Это конец, подумал Перелесов, обреченно прикрывшись огрызнувшейся электрической искрой простыней. Наташа ждала его у матраса. В контейнерном полумраке она напоминала зеленоватую в пупырышках амфору, поднятую со дна морского. Меньше всего на свете Перелесову хотелось приближаться к этой амфоре. Она утопленница, в ужасе подумал он, зачем я здесь?
В этот момент с другого матраса донесся животный горловой стон. Четырехногий паук стремительно перевернулся с одной белой задницы на другую. Перелесов успел рассмотреть узкое, с закушенной губой и каплями пота на лбу, лицо Авдотьева, колокольно метнувшиеся груди, широко распахнутые расфокусированные глаза другой девушки, к которой не было вопросов касательно годности. Потом голова ее откинулась на матрас, ноги иксом обхватили мерно вздымающуюся и опускающуюся спину Авдотьева. И снова послышался революционно изменивший настроение Перелесова стон. Он словно откусил от клеенчатого райского яблока, змеем обвился вокруг Наташи.
«Простыня»пискнула она.
Перелесов едва успел натянуть презерватив.

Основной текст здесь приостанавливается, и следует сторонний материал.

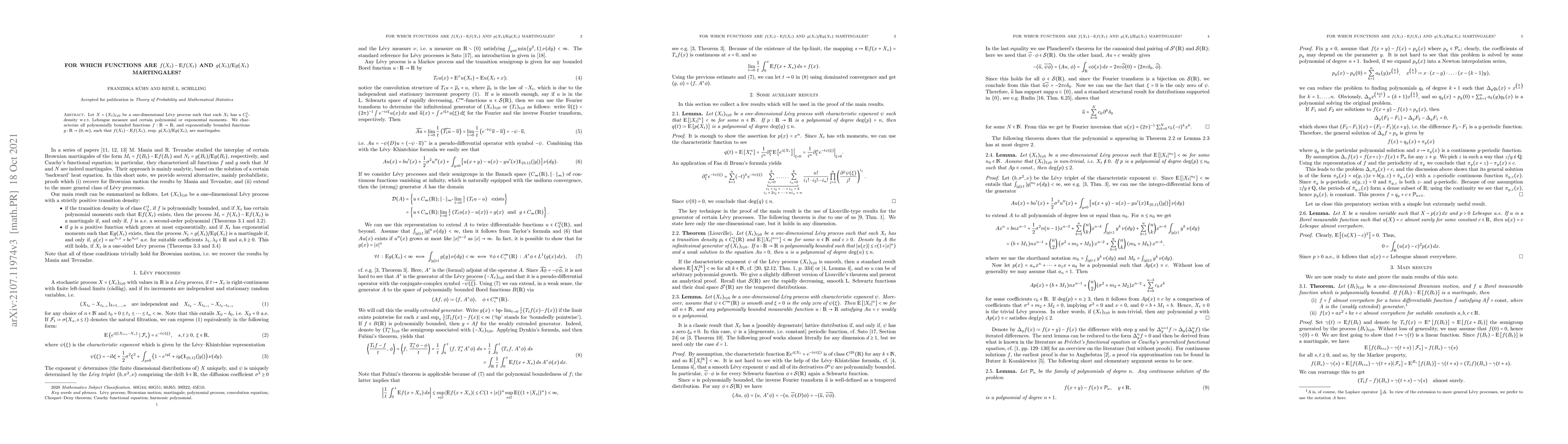 Let $X=(X_t)_{t\geq 0}$ be a one-dimensional L\'evy process such that each $X_t$ has a $C^1_b$-density w.r.t. Lebesgue measure and certain polynomial or exponential moments. We characterize all polynomially bounded functions $f:\mathbb{R}\to\mathbb{R}$, and exponentially bounded functions $g:\mathbb{R}\to (0,\infty)$, such that $f(X_t)-\mathbb{E} f(X_t)$, resp. $g(X_t)/\mathbb{E} g(X_t)$, are martingales.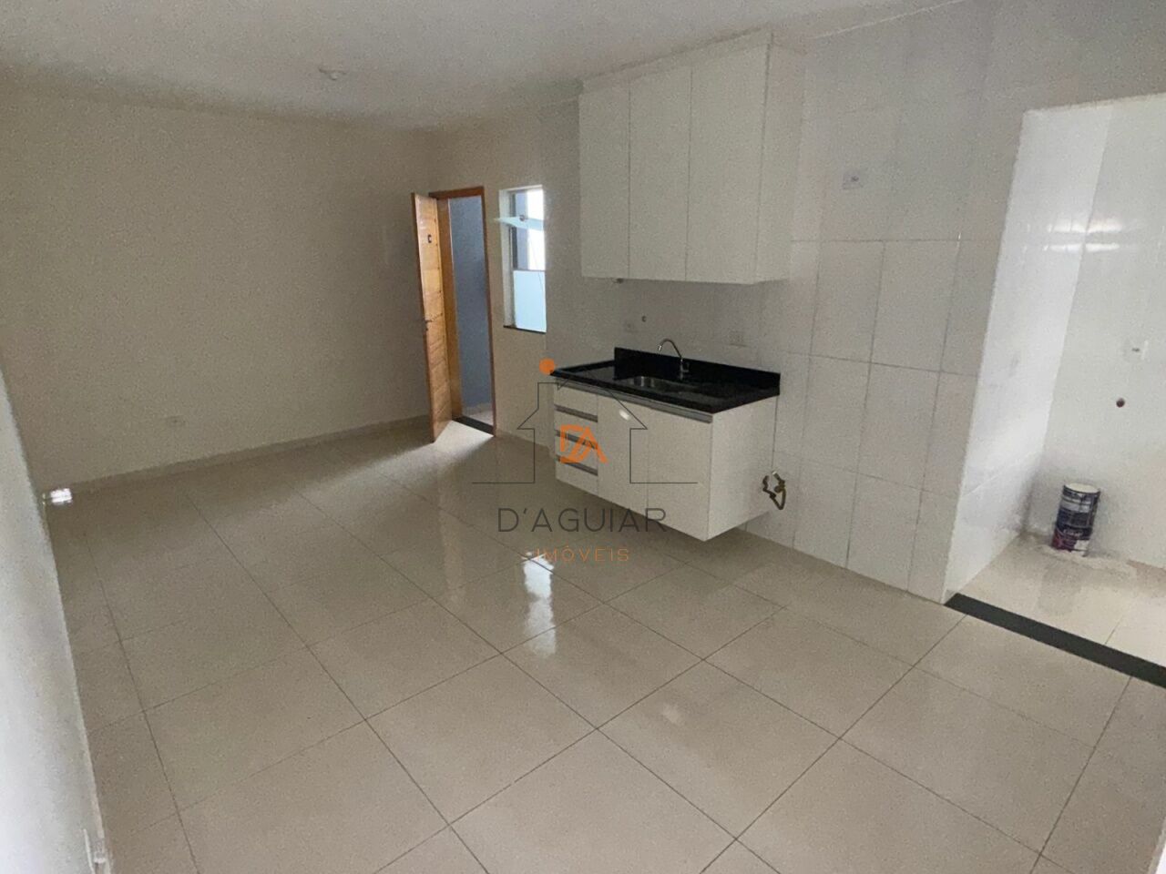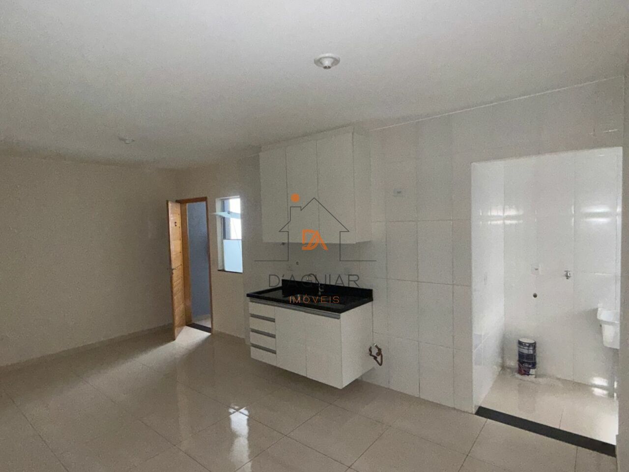1 dormitório, sala de estar espaçosa, cozinha equipada com armário, área de serviço e banheiro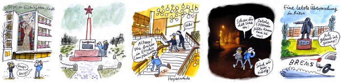 Zwei sentimentale alte Säcke auf der Suche nach ihrer verlorenen Kindheit : Jochen Schmidt schreibt eine neue Gebrauchsanweisung für Ostdeutschland und Mawil durfte ihn im Februar 2015 auf einer seiner Recherche-Reisen durch Eisenhüttenstadt, Guben, Hoyerswerda, Dresden und Riesa begleiten. Mehr dazu auf Jochen seinem Blog oder in Mawils Sonntagscomic am 1.3.2015 im Tagesspiegel.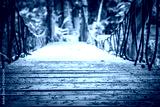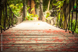 Wooden bridge leading into tropical forest with light at the end of way and blurred background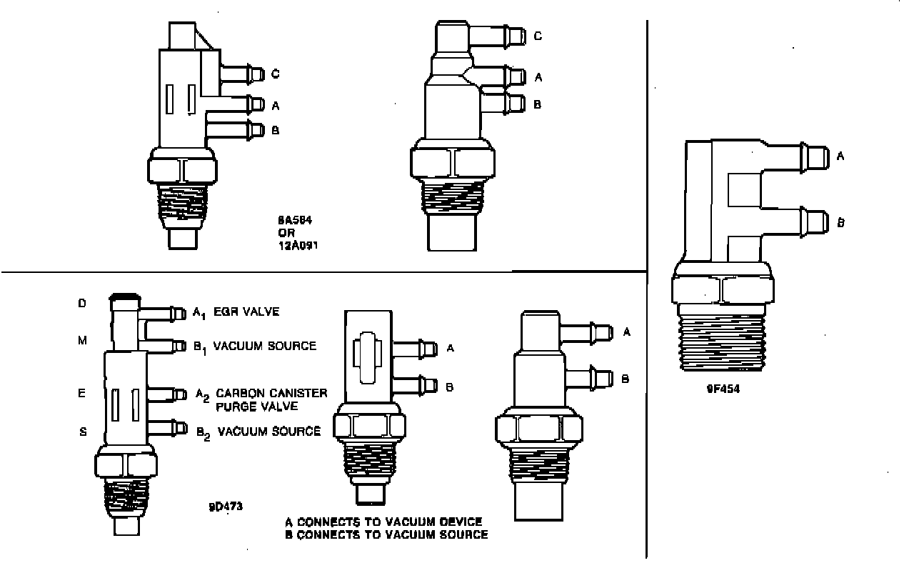 Vacuum Control Valves are designed to operate according to engine coolant temperature and are usually threaded into the engine block or manifold.Based on the wax pellet sensing bulb principle and theory, the Vacuum Control Valve directs and supplies vacuum to other emission control components. The Bimetal principle is used with the 2-port (9F454) VCV.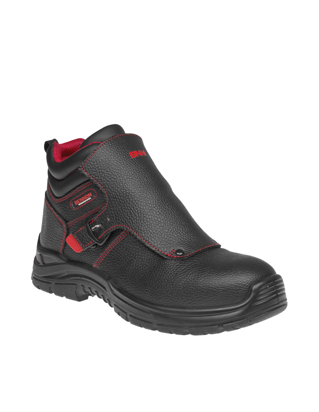 Specjalistyczne obuwie dla spawaczy z systemem do szybkiego zdejmowania. Dwuwarstwowa podeszwa PU/guma. Antypoślizgowa podeszwa SRC odporna na krótkotrwały kontakt z gorącym podłożem (300 0C). Obuwie ochronne z podnoskiem stalowym i wkładką antyprzebiciową.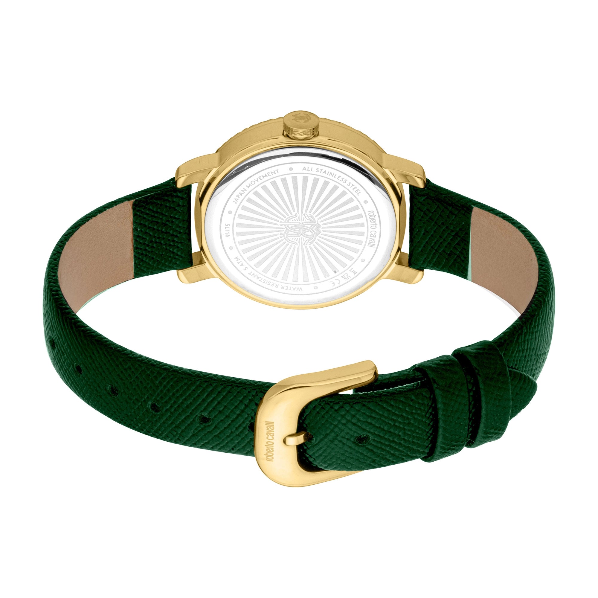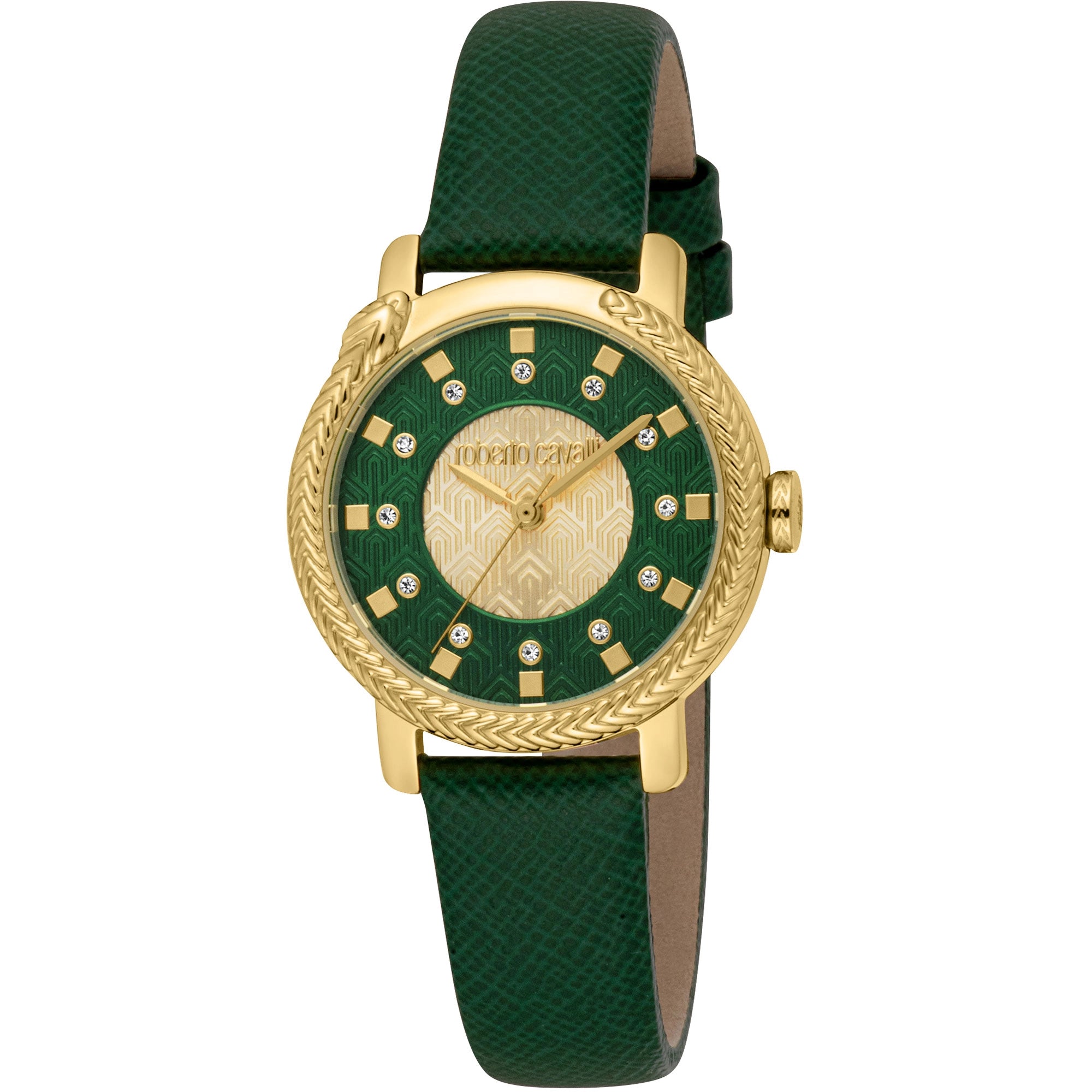 Discover the timeless elegance of Roberto Cavalli. Shop this stunning yellow gold and bottle green watch now at Watchello.com and find your perfect women's watch today!

Все произошло быстро, как будто они были на перроне, а мимо промчался поезд. Перелесов даже не понял, как они оказались на матрасе.
И это все?
Перелесов перевалился через Наташу, скосив глаза на четвероногого, взбивавшего в другом конце фуры простыню паука. Авдотьев никуда не спешил, его поезд ходил по расписанию и со всеми остановками. Простыня вдруг взлетела над матрасом как парус. Опытная пара, похоже, переместилась с поезда на бриг или каравеллу.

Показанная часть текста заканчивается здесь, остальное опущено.